Каждый вторник по вечерам у Кленека — дома он сам или нет — проходят шикарные вечеринки. В данный момент Кленек во Франции, снимает там фильм. Поскольку формально он все еще женат на немецкой баронессе, то по чешским законам половину года может проводить за границей, якобы с супругой. Путь в чешскую киноиндустрию с некоторых пор для него закрыт, но он по-прежнему живет в палаццо и даже общается со старыми друзьями, хотя многие из них объявлены заклятыми врагами режима. Никто не знает, за что ему такие привилегии, — вероятно, Кленек нужен для пропаганды, чтобы было кого предъявлять иностранным критикам как пример творческого человека, который живет как ему заблагорассудится. Кроме того, отпуская его работать за рубеж, они гребут налоги с его немалых заграничных гонораров. А еще, объясняет Болотка, не исключено, что Кленек — агент.

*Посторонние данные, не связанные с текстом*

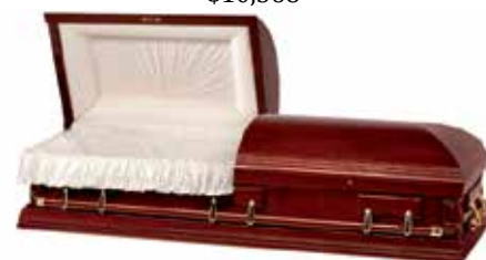
LINDENVALE Cedar $10,368
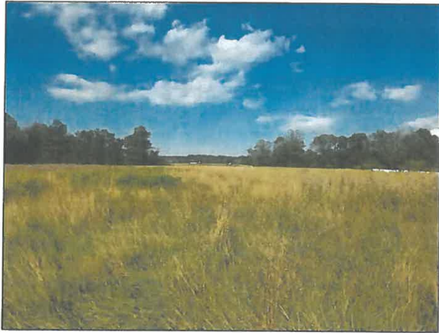
Upland photograph 1
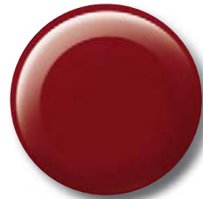
Barcelona Red Metallic
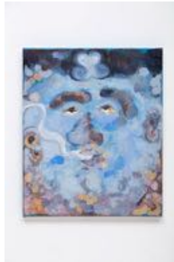
ALLAN GANDHI Slow Burn , 2026

Oil on canvas 11 3/4 x 15 3/4 inches (30 x 40 cm.) (LUM26-008)
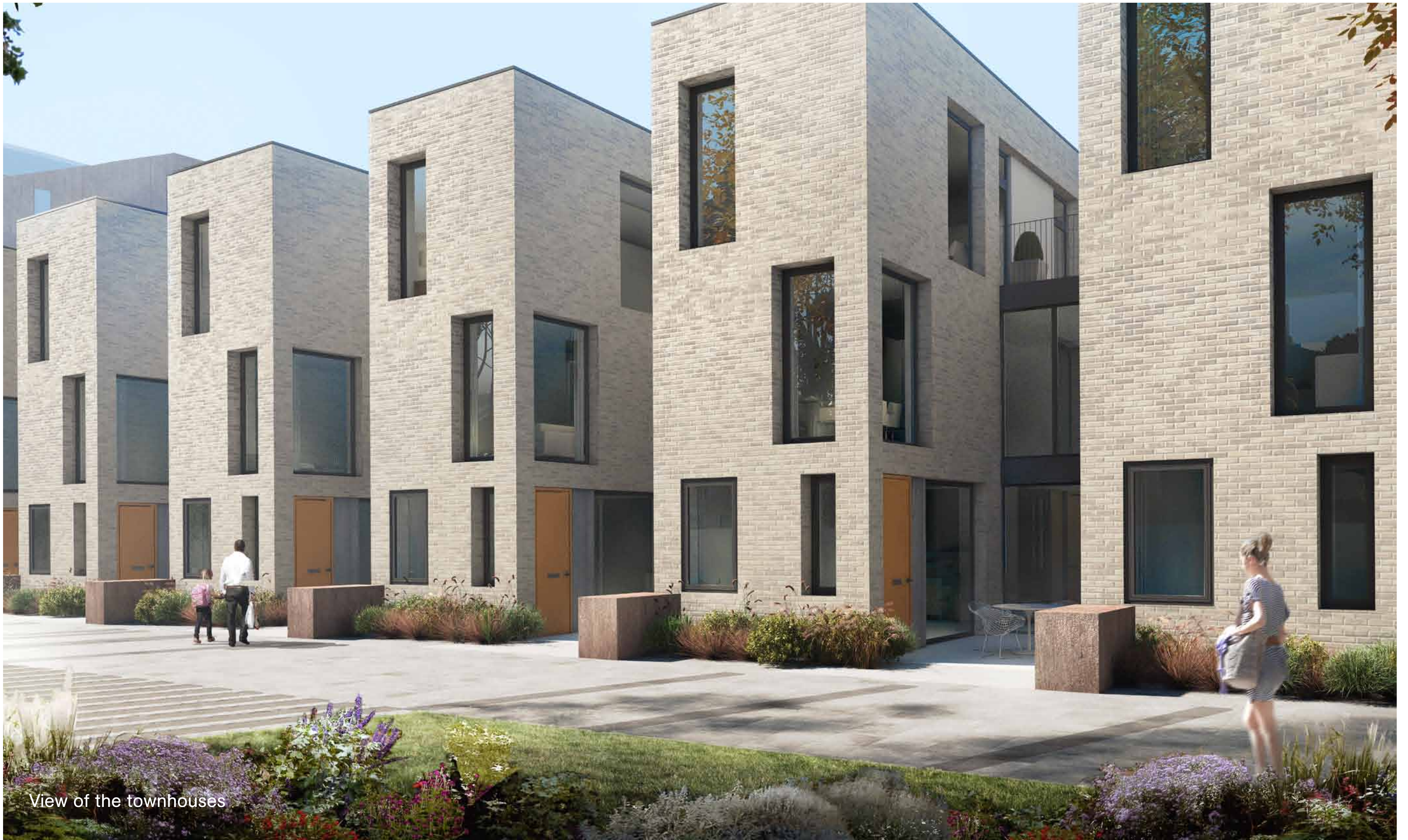
View of the townhouses

The application submitted includes proposals for the demolition and replacement of the existing Mauritius Road boundary wall. The replacement wall will be constructed from a high-quality brick, consistent with the product that will be used to construct the new residential scheme. Where possible, the proposals will also include some new landscaping along the boundary wall on the factory side, which will provide screening and improve the outlook from the existing properties.
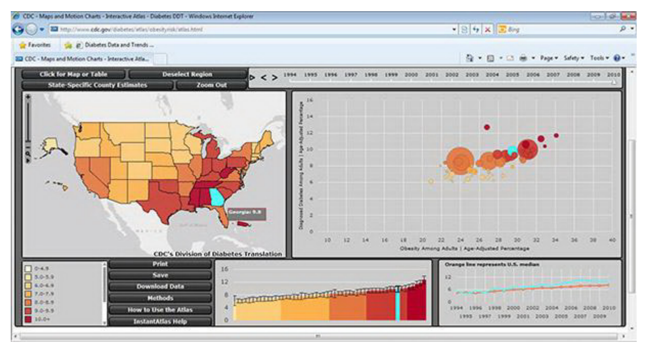
Figure 2. Screenshot of the default display of the maps and motion charts on diabetes and its risk factors for all states in the Diabetes Interactive Atlas (www.cdc.gov/diabetes/atlas/obesityrisk/atlas.html). [A text description of this figure is also available.]

The Web page "Maps and Motion Charts — All States" (www.cdc.gov/diabetes/atlas/obesityrisk/atlas.html) presents more information and the default display is more complicated than other displays of the atlas. The default display (Figure 2) shows 4 images depicting data on all 50 states: 1) a choropleth map of age-adjusted diabetes prevalence (which can be switched to a table view), 2) a bubble chart of age-adjusted diabetes and obesity prevalence, 3) a bar chart of age-adjusted diabetes prevalence, and 4) a chart of the US median age-adjusted prevalence of diabetes from 1994 to 2010. In addition, the page shows a time animation bar. The default display of the state data is the national view; however, the user can click on the "Select Region" button and view state data by US census region or division. The bar chart shows the indicator value with lower and upper confidence limits for each state for each year. The degree of uncertainty for each estimate is discerned by examining the error bars, which indicate lower and upper limits. For example, a precise estimate will have a narrow interval. The time-series chart displays an orange trend line that represents the US median prevalence for each year. When the user moves the mouse over a state in the map, bubble chart, or bar chart, the trend line for that state is shown and can be compared with the US median.
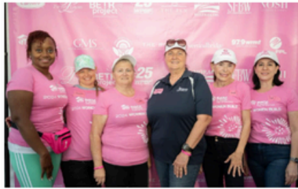
March 2024 Habitat for Humanity's Women Build
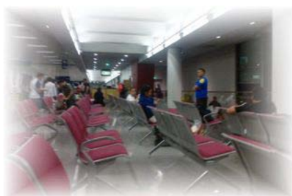
Inside the new Terminal in Manila – modern and comfortable

The airline industry in the Philippines is far safer than many third world countries and that is in no small part due to the influence of the USA since flying began in the 1920s. American trained air and ground crews have been the rule for both the Philippine Air Force and the various civil carriers.
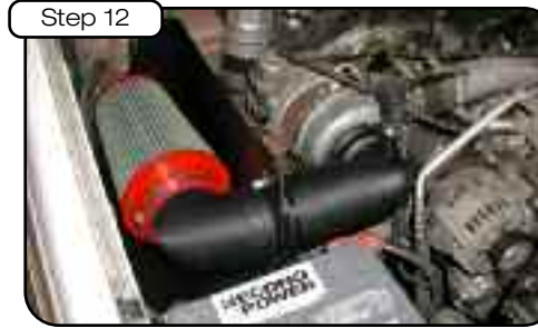
Complete aFe kit installed. Check and retighten all connections after first few hours of operation.
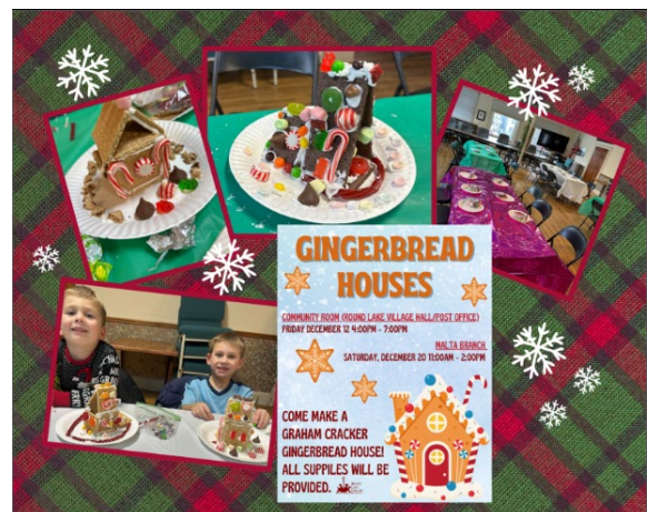
Round Lake Library and Malta Library

The Johnsburg Free Library was featured in The Sun Community News for the support and services they provide to the North Country community, highlighting their regular programming such as Family Movie Night, Trivia Night, and Sound Bath Meditation.
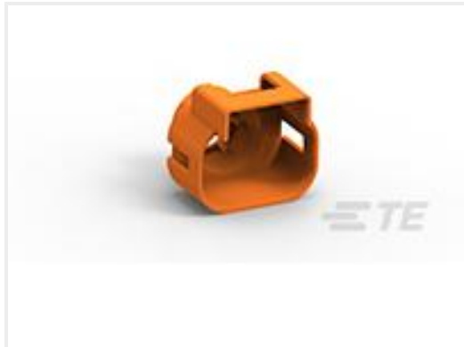
TE Part #2103013-1 CABLE SEAL RETAINER, SIZE 1, HVA280
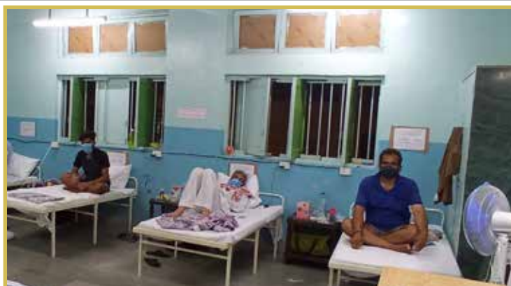
Covid Care Centre, Tardeo, Mumbai

After the wave peaked and then subsided, the beds and the remaining useful stocks of medical supplies were donated to two Anath Ashrams (orphanages) in Vasai, near Mumbai.

— Вероятно, он передает им всякое-разное, — говорит Болотка. — Но это не имеет значения. Никто при нем ничего не говорит, и сам он это знает, и те тоже.
— Тогда в чем смысл?
— Смысл в том, что Кленек доносит не про политику, а про секс. Его дом нашпигован жучками. Тайная полиция прослушивает магнитофонные записи с его вечеринок. Шныряет вокруг, подглядывает в окна. Работа у них такая. Иногда им удается увидеть нечто пикантное. Что приятно разнообразит пошлость и мерзость их рабочей рутины. Им это на руку. Всем это на руку. К Кленеку ходят пятнадцатилетние девочки. Разоденутся как проститутки и приезжают чуть ли не за сотню километров. Всех их, даже школьниц, тянет на развлечения. Ты любишь оргии, и я тебя туда проведу. С тех пор как нагрянули русские, в Чехии лучшие оргии во всей Европе. Свободы меньше, бл****ва больше. У Кленека можно делать все, что в голову взбредет. С наркотиками швах, зато виски хоть залейся. Можно трахаться, можно мастурбировать, любоваться грязными картинками, любоваться собой в зеркале, можно вообще ничего не делать. Все лучшие люди — там. И худшие тоже. Мы все теперь товарищи. Поучаствуй в оргии, Цукерман, — увидишь, чем кончаются революции.
Небольшое палаццо Кленека, постройки семнадцатого века, стоит на Кампе, густо утыканном домами островке, куда с Карлова моста ведет длинная мокрая лестница. Когда стоишь на булыжной площади перед обиталищем Кленека, слышно, как далеко внизу бьется об отвесную каменную набережную кипучая Влтава. Выйдя из моей гостиницы, мы с Болоткой, пропетляв по лабиринту гетто, миновали россыпь поваленных надгробий — здесь, сообщил Болотка, было самое старое из кладбищ, уцелевших в Европе. Выщербленные ветром плиты за железной оградой выглядят не как место вечного упокоения, а как последствия урагана. Двенадцать тысяч евреев захоронены во много слоев на пятачке, который по нью-йоркским меркам считался бы небольшой парковочной площадкой. По плитам моросит дождик, на деревьях сидят вороны.
У Кленека: крупные возрастные дамы в плащах из темного искусственного шелка, хорошенькие молодые женщины в длинных платьях и драгоценностях, похожие на почтовых служащих плотные мужчины средних лет в бесформенных костюмах, пожилые седовласые мужи, несколько тощих парней в американских джинсах — и ни одной девчонки пятнадцати лет. Видимо, Болотка шутки ради сгустил краски, живописуя гостю глубину развращенности пражан — остудил, как ушатом холодной воды, фантазии свободного мира о сугубой высоконравственности местных политических страдальцев.
Сидя рядом со мной на диване, Болотка растолковывает, кто тут кто и что собой представляет:
— Вон тот, пока его не уволили, был журналистом. Обожает порнографию. Своими глазами видел, как он брал девчонку сзади, а сам в это время почитывал непристойную книжонку. А тот — бездарный абстрактный художник. Лучшую свою картину он создал в тот день, когда пришли русские. Вышел на улицу и малевал повсюду уличные знаки, чтобы сбить танки с пути. У него самый длинный член в Праге. А тот мелкий служащий — господин Водичка. Очень хороший, прямо-таки прекрасный писатель, но всего боится. Как увидит какую петицию — хлопается в обморок. Когда приходит в себя, обещает все подписать: он на девяносто восемь процентов за то, чтобы поставить подпись, и всего лишь на два против, и как только обмозгует эти два процента — сразу подпишет. На следующий день эти два процента разрастаются до ста. Буквально на этой неделе господин Водичка обратился к властям с просьбой простить его, если он вдруг поддержал кого не следовало. Надеется, что тогда ему снова разрешат писать о его половых извращениях.